Генерал настороженно посмотрел на профессора. Тот нервно встал, прошелся по кабинету, остановился у окна, выглянул в него и внезапно резко повернулся к генералу.

— Я не военный, а тем более не политик, — голос профессора, сдавленный от волнения, звучал глухо. — Я ученый, который всю жизнь сторонился политики… Только теперь я начинаю понимать, что эта позиция была насквозь ложной, покоящейся на ошибочной основе… Никогда я не думал, что бактерии, над которыми мне приходилось производить исследования, могут стать орудием политики… ужасающей, преступной политики!..

И я хочу сказать прямо — она погубит вас!.. Да, да! И еще одно: страх, а не сила властвует над всеми вашими начинаниями, страх перед катастрофой, которой вам не избежать. Страх толкает вас на путь преступлений, но он чреват последствиями этот путь… Да, да, именно так! Ежедневно, ежечасно миллионы людей с проклятием на устах называют вас преступниками против человечества. Весь мир знает ваши имена. Вы хотите совершить преступление, но перед вами встает и призрак Нюрнберга — нового Нюрнберга, на котором вам уже не придется больше, вопреки воле простых людей, защищать разных изуверов… Вы, вы сами будете там подсудимыми! О, вам хорошо известно, что там пощады не будет!.. Вы читаете газеты, сэр генерал? Те самые, которые вы называете «коммунистическими»? Если нет, то загляните в них. Вы найдете там и свою фамилию!.. Остановитесь же, пока не поздно! Вспомните, что есть силы более могучие, чем вы, — воля человечества к миру и сердца миллионов людей, ненавидящих войну. Об эту силу разобьются все ваши планы…

Генерал, наконец, овладел собой и сел за стол. Лицо его было холодно, губы сжаты и только глаза светились злобой.

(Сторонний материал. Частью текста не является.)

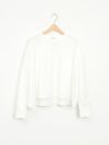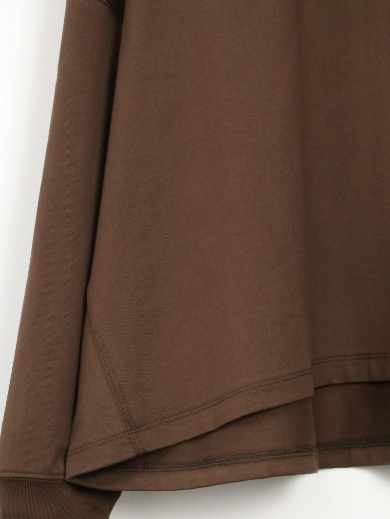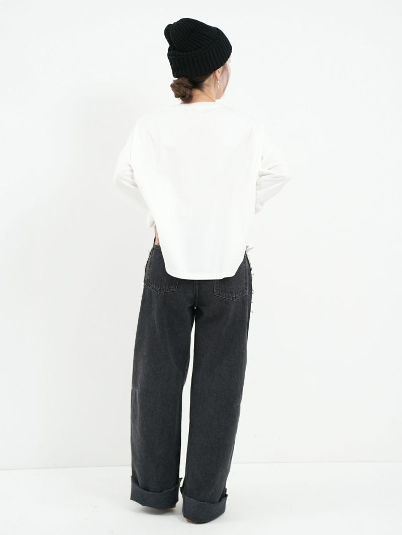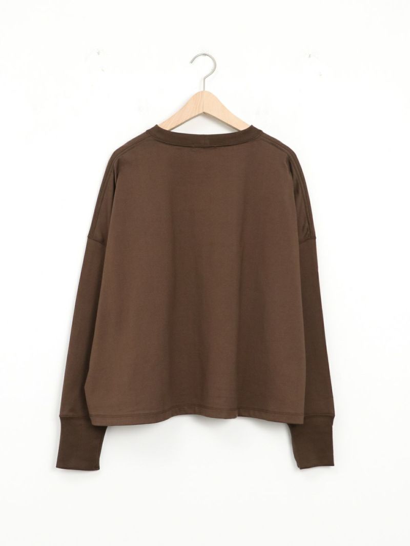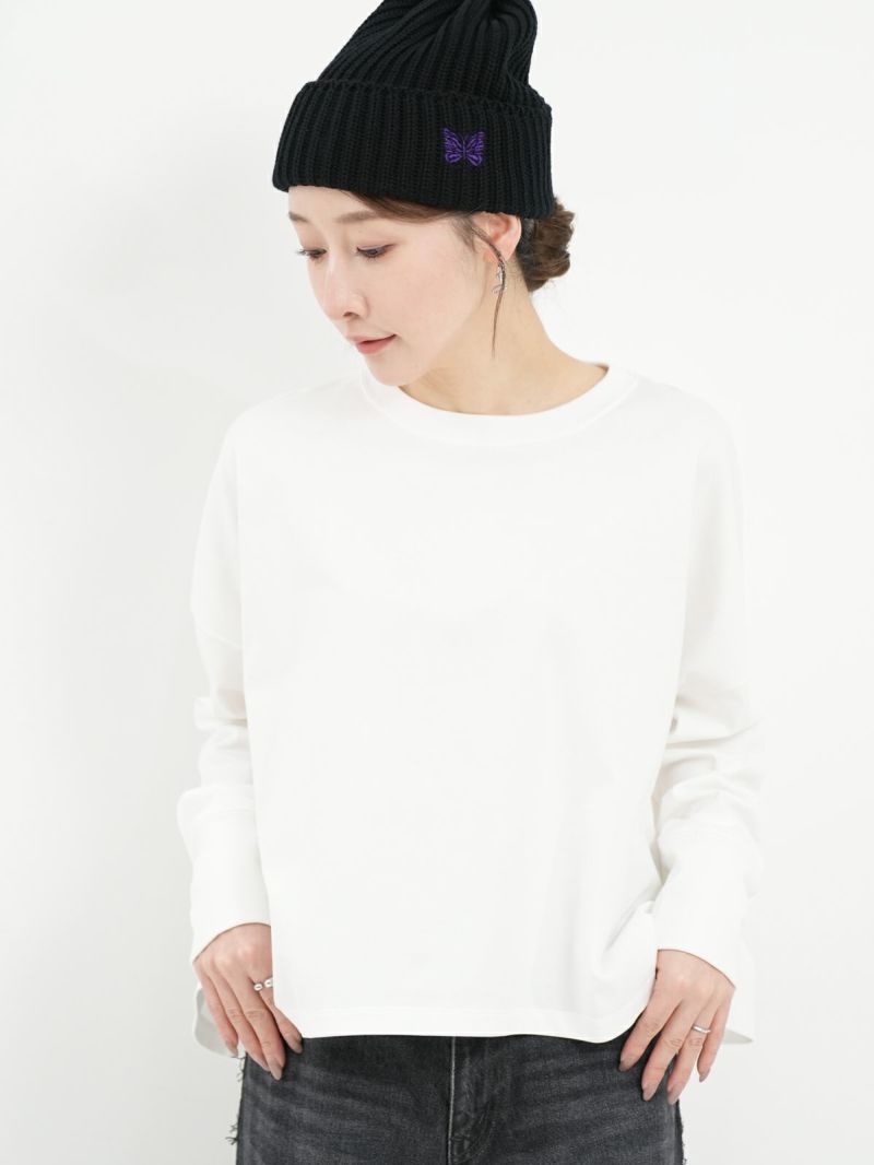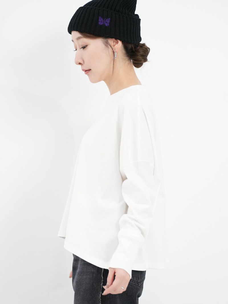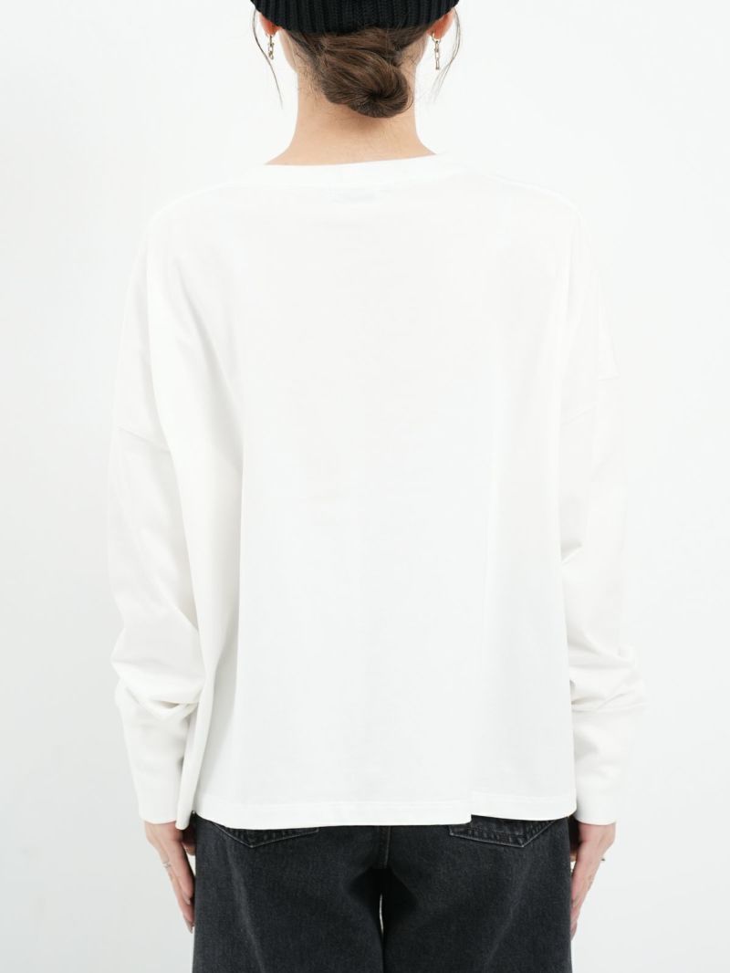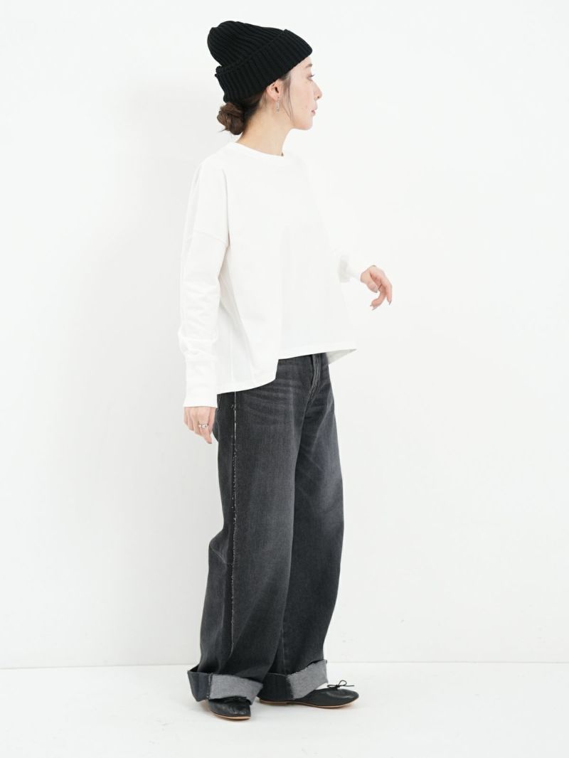 assietteのコットン100%の天竺素材のカットソー。 上品な光沢、柔らかな肌触りで着心地抜群です。ドロップショルダー、袖の少し長めのリブ、前後の長さが違うところもポイント!程よい丈感でボトムスを選ばず着回しが効く1枚です。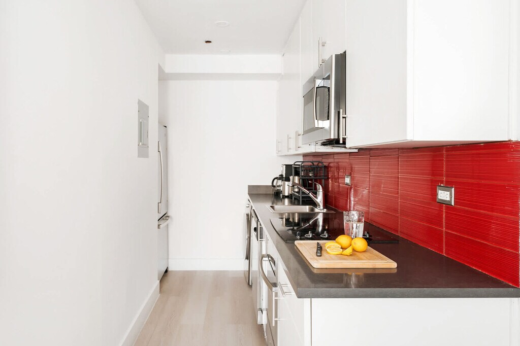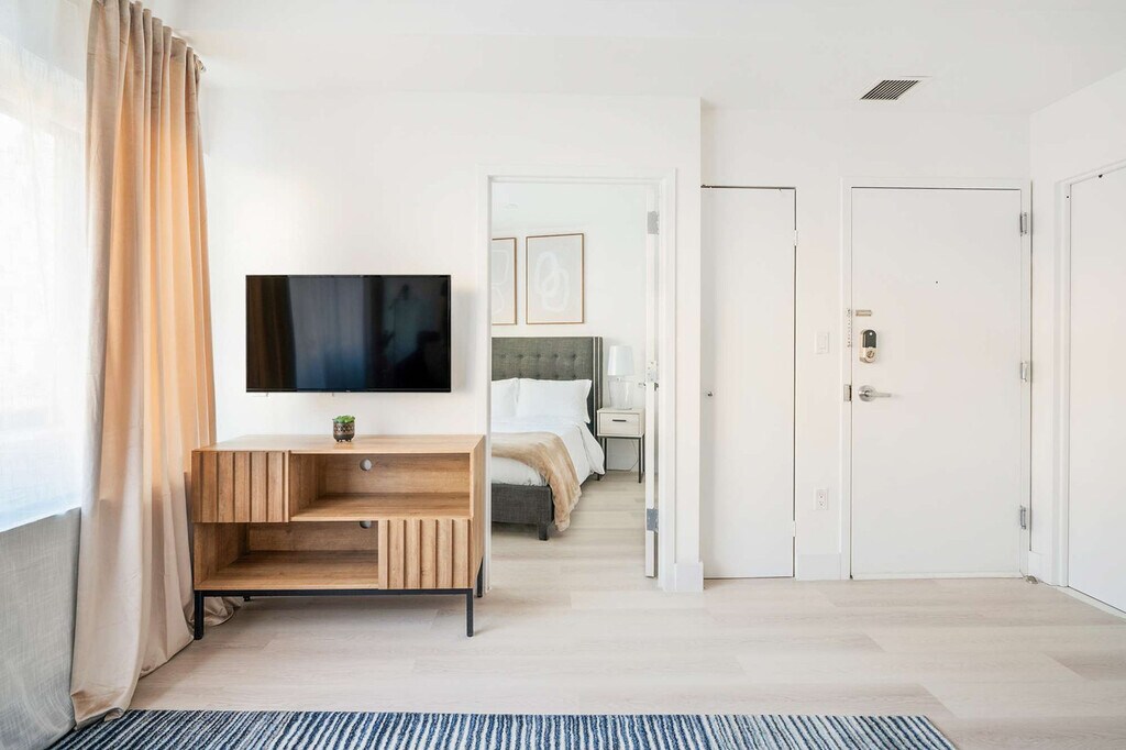 The advertised rate of $5,998/month is the lowest available price, based on a 1 month(s) stay with a move-in date of April 6, 2026. Rates vary depending on the duration of stay, season, and other parameters. For exact pricing and additional pricing components, please visit our website and enter your desired move-in and move-out dates. The rate is applicable when billed upfront; it can be higher if billed in multiple payments. This beautifully renovated, fully furnished 1-bedroom apartment in the heart of Hell’s Kitchen offers a stylish and comfortable living space with modern furniture and a thoughtfully designed layout. Featuring a fully equipped kitchen, in-unit washer and dryer, fresh towels, heating, and air conditioning, it ensures a seamless stay. Enjoy beautiful city views through large windows. Located in a safe and secure neighborhood, the elevator building with only two apartments per floor offers privacy and peace of mind with smart lock access. Move in and feel right at home! Experience modern city living in this beautifully renovated, fully furnished 1-bedroom apartment located in the heart of Hell’s Kitchen (Midtown West). Designed with sleek, contemporary furniture, this stylish unit features a spacious layout. Enjoy breathtaking city views through large windows or step onto the Juliet balcony for a breath of fresh air. The apartment boasts a fully equipped kitchen with all essential appliances, cookware, and tableware. Washer and dryer in unit, 43' smart TV, and high-speed Wi-Fi make it perfect for both short- and long-term stays. Additional comforts include fresh towels, heating, air conditioning, and an abundance of natural light. Set in a well-maintained elevator building with only two apartments per floor, you’ll enjoy privacy and tranquility while being in the heart of one of NYC’s most exciting neighborhoods. Located in the heart of Hell's Kitchen, this bustling neighborhood in Midtown Manhattan is known for its lively atmosphere, diverse food scene, and proximity to some of the city's top attractions. This area is a hub for theater and entertainment, with numerous Broadway theaters, comedy clubs, and music venues within walking distance. The nearby Hudson River Park provides a beautiful waterfront escape for running, biking, and outdoor activities, and the High Line elevated park is just a short walk away. The neighborhood is also known for its excellent dining options, with everything from casual cafes and bars to high-end restaurants serving cuisine from around the world. Additionally, this area is conveniently located near public transportation, making it easy to get anywhere in the city. Overall, Hell's Kitchen is a vibrant and exciting area with something for everyone, and it's the perfect place to experience the best of New York City. No smoking and no pets are allowed. [SI]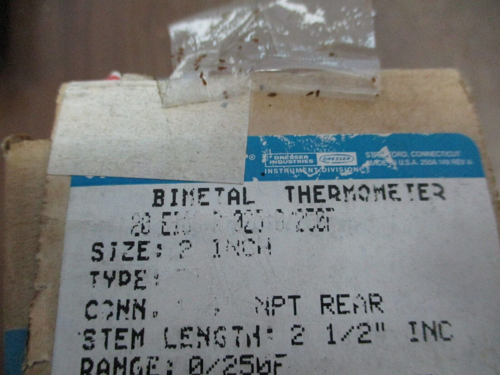 Dresser Thermometer 20 EI60R025 0/250F Size: 2" Stem: 2 1/2" R...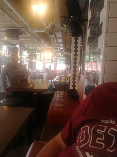 Read moreDifficult review because we had a great time on a very very busy Sunday (16 October '22). Popped in for last drinks before train home after the Leeds game. I was excited because I had managed sports bars in Florida for 20 years and really missed this style of place. There was a promotion for the San Francisco 49's so extra loud and busy but no problem, as I said, great buzz. However, I ordered 2 'Sharers' from the bar for our table. First, none of the bartenders (I asked 3) could tell me if the wings were breaded! They quite happily and with a smile said "Don't know"! So I went to the kitchen and asked the line cooks who confirmed they were. How hard is it for your staff to make the effort?? I also ordered the Spicy Beef Nachos (the size of it was an absolute joke!! £13.95 for a tiny bowl!!). All of this aside, my biggest problem was having spent nearly £30 on two dishes nobody brought napkins, cutlery or table condiment box. Food dumped on table 19 and that was it! I went and got what we needed. Maybe they were just too busy to give good service or maybe they are constantly so busy they don't need to worry about it. Anyway, got it off my chest and small simple tweaks to food knowledge and service could make all the...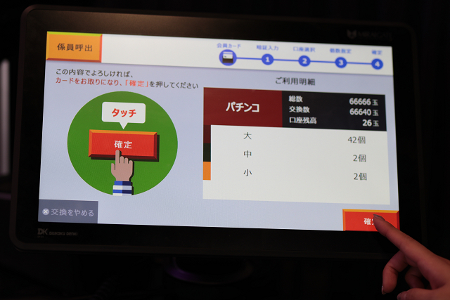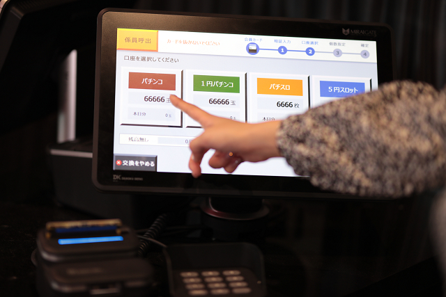 全台各台計数機なので玉やメダルをジェットカウンターに流す手間も省け、遊技終了は貯玉機能を持つ会員カードを抜きとるだけで済む。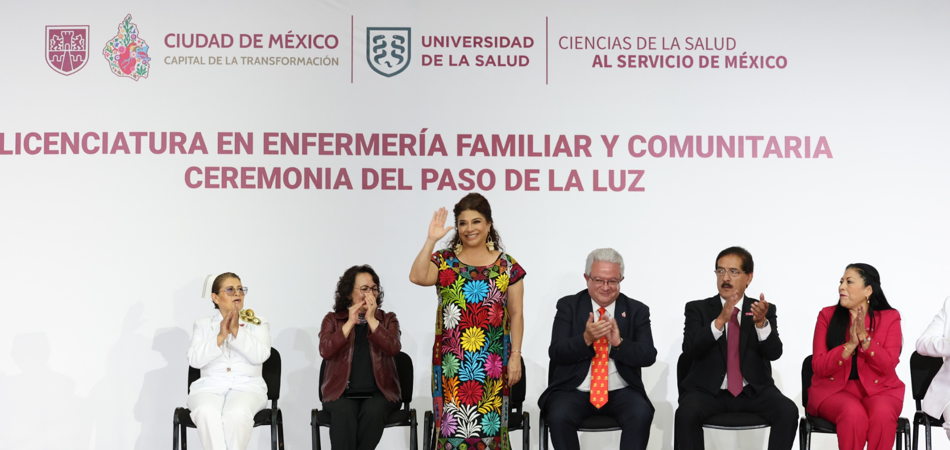 Clara Brugada, al ser testigo de la ceremonia Paso de la Luz, mencionó que la carrera de Enfermería Familiar y Comunitaria, de la que hoy se gradúan 183 mujeres y 33 hombres, está pensada para transformar la salud desde sus cimientos con un enfoque territorial, preventivo, comunitario y profundamente humano.

— Вы коммунист, профессор! — ледяным тоном произнес он. — И мы сумеем сделать из этого соответствующие выводы!.. С сего дня, — генерал не выдержал и заорал в бешенстве, — с сего дня я увольняю вас! К черту!.. Такие люди не имеют права читать лекций в американских университетах. Мы не позволим отравлять сознание нашей молодежи ядом…

— …мира, — закончил за него профессор. — Верно?

— Да, да, да — ядом мира! — генерал яростно ударил кулаком по столу. — Американцы должны научиться искусству войны!

— Генерал! — профессор наклонился над столом. — Вы не знаете американцев! Вы все еще надеетесь, что вам и впредь удастся вдалбливать в голову средних американцев, что белое — это черное, а черное — белое… Вы заблуждаетесь! Остерегайтесь той минуты, когда у людей спадет с глаз пелена ослепления! Она уже спадает… А когда это произойдет, вы будете сметены с лица земли! Запомните это! Американцы не позволят вам сделать из них бандитов. Был уже один такой сумасшедший, который хотел превратить своих соотечественников в мародеров… Он велел кланяться вам! Вы кончите так же, как и он… Вот смотрю сейчас на вас и удивляюсь, как это до сих пор мне не пришло в голову, что бактерия может напоминать такое отвратительное человеческое лицо!..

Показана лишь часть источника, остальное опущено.